**Supplied records**

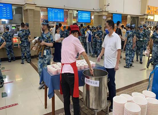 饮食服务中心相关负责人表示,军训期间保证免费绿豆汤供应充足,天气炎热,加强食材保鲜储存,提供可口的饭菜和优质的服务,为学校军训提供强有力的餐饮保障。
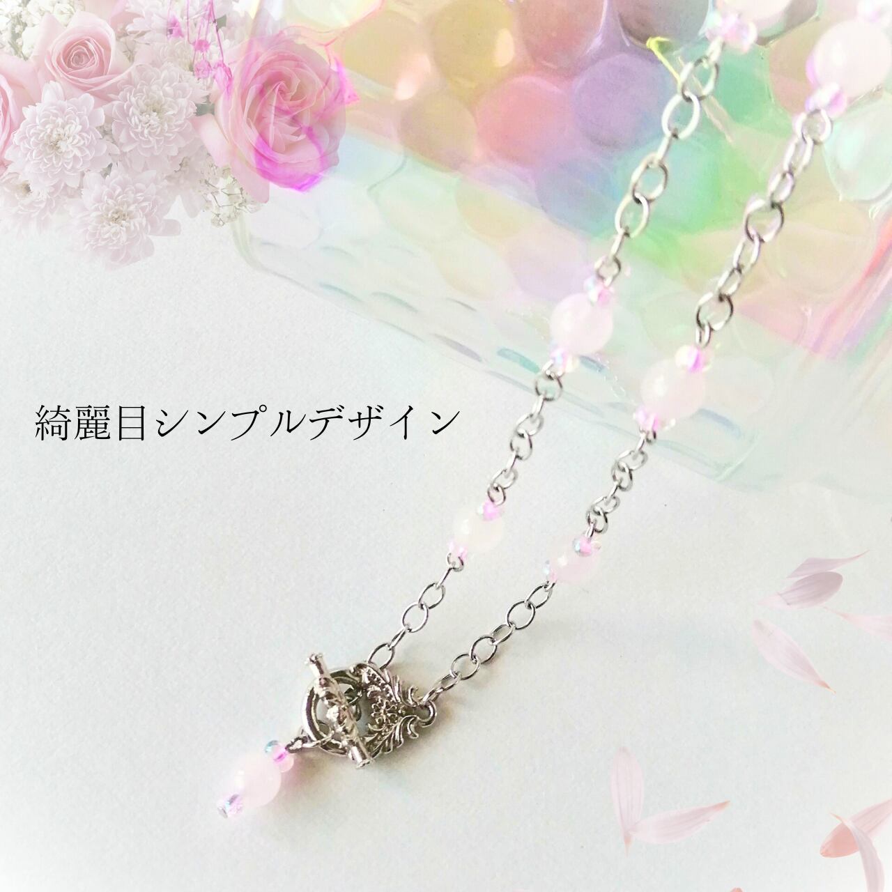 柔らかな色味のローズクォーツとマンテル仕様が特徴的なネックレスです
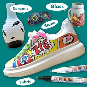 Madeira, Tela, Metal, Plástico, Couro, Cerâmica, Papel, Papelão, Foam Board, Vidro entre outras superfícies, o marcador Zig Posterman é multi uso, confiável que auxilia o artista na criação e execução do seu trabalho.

---

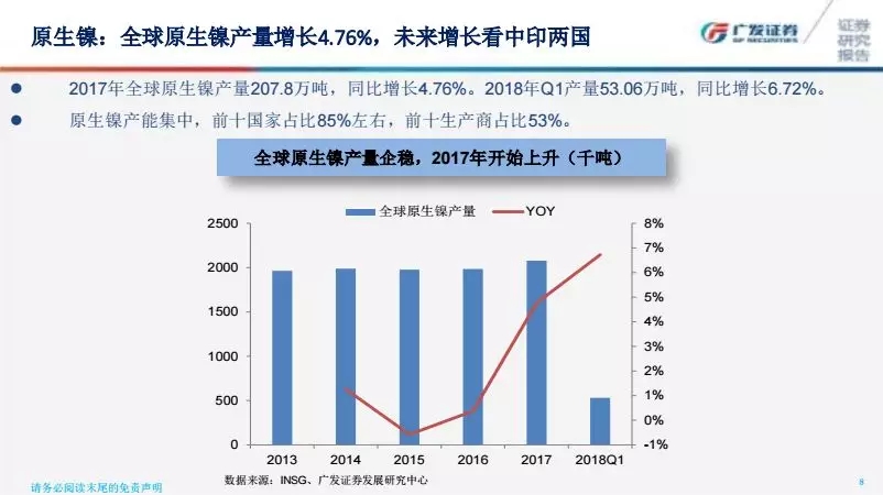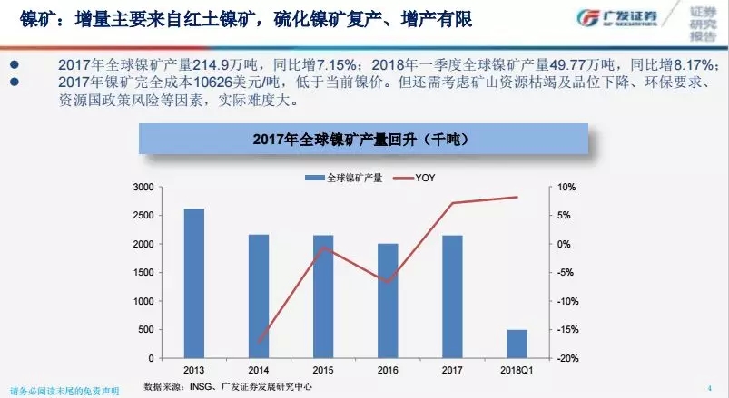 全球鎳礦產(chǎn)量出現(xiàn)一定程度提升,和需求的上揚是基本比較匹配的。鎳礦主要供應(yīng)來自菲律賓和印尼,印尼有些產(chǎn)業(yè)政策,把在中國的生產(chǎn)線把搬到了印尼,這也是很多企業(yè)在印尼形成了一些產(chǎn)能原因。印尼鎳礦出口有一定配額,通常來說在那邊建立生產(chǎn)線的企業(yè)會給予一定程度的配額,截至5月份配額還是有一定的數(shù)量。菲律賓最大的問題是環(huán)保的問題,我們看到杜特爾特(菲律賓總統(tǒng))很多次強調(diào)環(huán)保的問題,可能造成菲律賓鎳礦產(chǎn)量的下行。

--

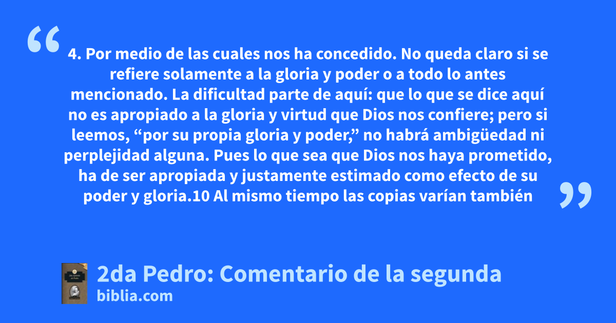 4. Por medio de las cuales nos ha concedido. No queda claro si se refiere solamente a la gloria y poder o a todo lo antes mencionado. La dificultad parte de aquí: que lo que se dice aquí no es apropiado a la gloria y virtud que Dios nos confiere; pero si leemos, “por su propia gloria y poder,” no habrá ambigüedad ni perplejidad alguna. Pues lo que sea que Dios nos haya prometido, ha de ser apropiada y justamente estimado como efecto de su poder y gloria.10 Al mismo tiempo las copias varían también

**What is being asked**
No picture is to be printed. Output exactly the lines above from the line containing "饮食服务中心相关负责人表示,军训期间保证" through the line containing "do seu trabalho.".

**Task solution**
 饮食服务中心相关负责人表示,军训期间保证免费绿豆汤供应充足,天气炎热,加强食材保鲜储存,提供可口的饭菜和优质的服务,为学校军训提供强有力的餐饮保障。
 柔らかな色味のローズクォーツとマンテル仕様が特徴的なネックレスです
 Madeira, Tela, Metal, Plástico, Couro, Cerâmica, Papel, Papelão, Foam Board, Vidro entre outras superfícies, o marcador Zig Posterman é multi uso, confiável que auxilia o artista na criação e execução do seu trabalho.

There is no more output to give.